YOUR GOAL:
Will you return, word for word, only the lines from the top of the data below down to and including the one with "Giacca Benny in"?

Excerpts from a dataset:
________________________

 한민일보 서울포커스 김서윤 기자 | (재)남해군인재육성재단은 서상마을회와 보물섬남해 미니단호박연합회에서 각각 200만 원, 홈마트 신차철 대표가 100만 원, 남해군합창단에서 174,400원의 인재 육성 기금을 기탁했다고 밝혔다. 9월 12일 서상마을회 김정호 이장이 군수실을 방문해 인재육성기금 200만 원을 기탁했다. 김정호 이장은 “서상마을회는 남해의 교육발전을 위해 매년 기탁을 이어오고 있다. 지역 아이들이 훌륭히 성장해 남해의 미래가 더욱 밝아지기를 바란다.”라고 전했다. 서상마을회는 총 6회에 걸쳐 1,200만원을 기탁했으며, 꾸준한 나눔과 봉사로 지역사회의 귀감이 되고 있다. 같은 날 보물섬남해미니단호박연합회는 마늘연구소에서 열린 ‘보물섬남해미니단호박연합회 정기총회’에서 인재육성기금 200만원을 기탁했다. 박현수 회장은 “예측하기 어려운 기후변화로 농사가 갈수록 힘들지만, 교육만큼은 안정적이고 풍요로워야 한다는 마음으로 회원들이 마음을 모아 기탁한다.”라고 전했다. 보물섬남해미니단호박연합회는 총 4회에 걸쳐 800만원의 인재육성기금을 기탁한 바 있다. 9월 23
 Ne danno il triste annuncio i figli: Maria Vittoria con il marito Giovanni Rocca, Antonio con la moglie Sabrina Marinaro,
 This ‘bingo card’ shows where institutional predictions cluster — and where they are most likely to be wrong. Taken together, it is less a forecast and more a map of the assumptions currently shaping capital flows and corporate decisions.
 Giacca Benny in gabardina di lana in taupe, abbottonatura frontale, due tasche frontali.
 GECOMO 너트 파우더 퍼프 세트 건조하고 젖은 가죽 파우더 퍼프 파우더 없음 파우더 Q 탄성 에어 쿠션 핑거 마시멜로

________________________

OUTPUT FOR THIS EXERCISE:
 한민일보 서울포커스 김서윤 기자 | (재)남해군인재육성재단은 서상마을회와 보물섬남해 미니단호박연합회에서 각각 200만 원, 홈마트 신차철 대표가 100만 원, 남해군합창단에서 174,400원의 인재 육성 기금을 기탁했다고 밝혔다. 9월 12일 서상마을회 김정호 이장이 군수실을 방문해 인재육성기금 200만 원을 기탁했다. 김정호 이장은 “서상마을회는 남해의 교육발전을 위해 매년 기탁을 이어오고 있다. 지역 아이들이 훌륭히 성장해 남해의 미래가 더욱 밝아지기를 바란다.”라고 전했다. 서상마을회는 총 6회에 걸쳐 1,200만원을 기탁했으며, 꾸준한 나눔과 봉사로 지역사회의 귀감이 되고 있다. 같은 날 보물섬남해미니단호박연합회는 마늘연구소에서 열린 ‘보물섬남해미니단호박연합회 정기총회’에서 인재육성기금 200만원을 기탁했다. 박현수 회장은 “예측하기 어려운 기후변화로 농사가 갈수록 힘들지만, 교육만큼은 안정적이고 풍요로워야 한다는 마음으로 회원들이 마음을 모아 기탁한다.”라고 전했다. 보물섬남해미니단호박연합회는 총 4회에 걸쳐 800만원의 인재육성기금을 기탁한 바 있다. 9월 23
 Ne danno il triste annuncio i figli: Maria Vittoria con il marito Giovanni Rocca, Antonio con la moglie Sabrina Marinaro,
 This ‘bingo card’ shows where institutional predictions cluster — and where they are most likely to be wrong. Taken together, it is less a forecast and more a map of the assumptions currently shaping capital flows and corporate decisions.
 Giacca Benny in gabardina di lana in taupe, abbottonatura frontale, due tasche frontali.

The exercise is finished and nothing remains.